Note – No triplets can be formed by 1 and 2.

Apollonius Theorem

In a triangle ABC, if AD is the median from A to side BC (meeting BC at its mid point D), then $ \\ $ $ \\ AB^2 + AC^2 = 2(AD^2 + BD^2) $ This is called the Apollonius Theorem. This is useful in calculating the lengths of the three medians given the lengths of the three sides of the triangle.

Angle Bisector Theorem

In any triangle, the internal bisector of an angle bisects the opposite side in the ratio of the other two sides. In triangle ABC, if AD is the angle bisector of angle A, then $ \\ $ $ \\ {\large \frac{BD}{DC}= \frac{AB}{AC}} \\ Also , \ (BD \times AC) \ – \ (DC \times AB) = AD^2 $ This is called the Angle Bisector Theorem.

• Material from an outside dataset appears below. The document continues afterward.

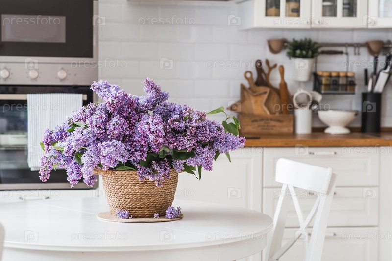 Большой фиолетовый букет сирен на столе в плетеной корзине. На заднем плане находится интерьер современной белой кухни. Концепция домашнего уюта и праздника

Geometric Centers of a Triangle

Circumcenter –
- The three perpendicular bisectors of a triangle meet at a point called Circumcenter of the triangle. This is normally denotes as S. $ \\ $
- The circumcenter of a triangle is equidistant from its vertices and the distance of circumcenter from each of the three vertices is called Circumradius (represented by R) of the triangle.
- The circle drawn with the circumcenter as center and circumradius as radius is called the Circumcircle of the triangle. It passes through all three vertices of the triangle.
- In a right angled triangle circumcircle – $$circumradius = \frac{hypotonus}{2} $$
Incentre and Excentres –
- The bisectors of the three angles of a triangle meet at a point called Incentre of the triangle. This is normally denoted as I. $ \\ $
- The incentre is equidistant from the three sides of the triangle i.e., the perpendiculars drawn from the incentre to the three sides are equal in length and this length is called the Inradius (represented by r) of the triangle.
- The circle drawn with the incentre as center and the inradius as radius is called the Incircle of the triangle. It touches all three sides of the triangle.
- In the given figure, $ \\ \angle BIC = 90°+ \frac{1}{2} \angle A $ $ \\ \angle CIA = 90° + \frac{1}{2} \angle B \\ \angle AIB = 90° + \frac{1}{2} \angle C $
- If the bisector of one angle and the bisectors of the external angles at the other two vertices are drawn, they meet at a point called Excentre. There are three excentres for any triangle – one corresponding to the bisector of each angle.
Orthocenter –
- The three altitudes of a triangle meet at a point called Orthocenter. This is normally denoted as O. $ \\ $
- In the given figure, $ \\ \angle BOC = 180°- \angle A \\ \angle COA = 180°- \angle B \\ \angle AOB = 180°- \angle C $
Centroid –
- The three medians of a triangle meet at a point called the Centroid. This is normally denoted by G. $ \\ $
- The centroid divides each median into two segments, with the longer segment towards the vertex being twice as long as the shorter segment towards the midpoint of the opposite side.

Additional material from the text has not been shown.